■Netyear Group <3622> Performance Trends
1. Summary of financial results for the interim period ending March 31, 2025
Financial results for the interim period ending 2025/3 were 1502 million yen, down 11.9% from the same period last year in terms of sales, 59 million yen (loss of 36 million yen in the same period last year), 59 million yen (loss of 36 million yen) in ordinary loss, and 132 million yen (loss of 27 million yen) in interim net loss. Although orders remained steady, the decrease in sales was due to the fact that the balance of orders received at the end of the previous fiscal year was 667 million yen and a low level compared to 909 million yen at the end of the 2023/3 fiscal year. The gross profit margin improved 0.2 points compared to the same period last year, and SG&A expenses also decreased 2.8% from the same period, making efforts to control costs, so operating losses only increased slightly. However, since an investment securities valuation loss of 90 million yen was recorded as an extraordinary loss, the interim net loss increased by 105 million yen compared to the same period last year. The acquisition price was recorded as a full valuation loss due to a decrease in the net assets of capital and business partner companies.

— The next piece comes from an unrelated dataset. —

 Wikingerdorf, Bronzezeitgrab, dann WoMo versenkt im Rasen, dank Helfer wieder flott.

However, business alliances are continuing, and certain results have been achieved, such as releasing joint development projects.

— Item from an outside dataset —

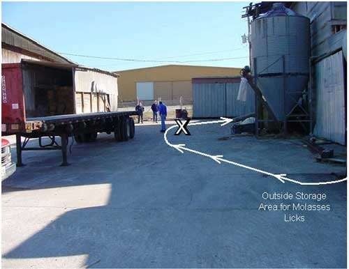 El incidente ocurrió en una cooperativa agrícola. La tienda de la cooperativa estaba conectada a la tienda de neumáticos de la cooperativa y a un depósito. Además, en el terreno había un cobertizo de almacenamiento de equipos, un cobertizo de fertilizantes, y un área de almacenamiento al aire libre donde se almacenaban lameduras de animales de 200 libras de melaza. Un gran aparcamiento plano de hormigón se extendía delante de la entrada de la tienda y alrededor de un lado del depósito donde se encontraba un muelle de carga y una rampa – Foto 1.

Sales trends by industry were 465 million yen, down 26.7% from the same period last year due to the end of large-scale projects for the NTT Group centered on NTT DATA. Also, the retail and restaurant industries decreased 13.7% to 492 million yen, and the service industry decreased 12.1% to 239 million yen, respectively, and to cover these declines, the same 34.2% increase to 304 million yen for other industries, but that could not be fully covered.
Looking at the factors for the increase and decrease in sales and administration costs, labor costs increased by 5 million yen compared to the same period last year, and others increased by 12 million yen due to recording development costs for new products, but payment fees decreased by 13 million yen and recruitment costs by 12 million yen, respectively. Recruiting new graduates increased by 1 from the previous year to 9, but recruitment costs decreased by suppressing mid-career recruitment. The number of employees at the end of the mid-term period seems to have increased slightly from 189 at the end of the previous fiscal year.

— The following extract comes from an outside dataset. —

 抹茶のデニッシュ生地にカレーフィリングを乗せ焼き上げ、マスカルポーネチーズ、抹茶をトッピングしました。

The financial details are good with debt-free management and the capital adequacy ratio is in the 80% range
2. Financial Status and Management Indicators
As for the financial situation at the end of the interim period ending 2025/3, total assets decreased 296 million yen from the end of the previous fiscal year to 2892 million yen. As the main factors for the increase or decrease, cash and deposits decreased by 24 million yen, accounts receivable and contract assets decreased by 251 million yen, respectively, in fixed assets, investment securities decreased by 90 million yen, and deferred tax assets increased by 18 million yen.
Total liabilities decreased 121 million yen from the end of the previous fiscal year to 349 million yen. Accounts payable decreased by 82 million yen and bonus provisions by 14 million yen. Also, total net assets decreased by 174 million yen to 2542 million yen. Retained earnings declined due to the recording of an interim net loss of 132 million yen and dividend expenditure of 41 million yen.
As for management indicators, the capital adequacy ratio is maintained at a high level of 87.9%, and the management is debt-free, and cash and deposits have also secured a level of 2136 million yen where there is no problem based on the business scale, and it can be determined that financial details are in a healthy state. Going forward, it is our policy to allocate cash on hand for growth investments, including M&A alliances, and shareholder returns. The targets of M&A alliances are companies with advanced technology and human resources in the EC, AI, and big data fields. It is a strategy to efficiently expand the business by replenishing currently scarce resources with M&A alliances.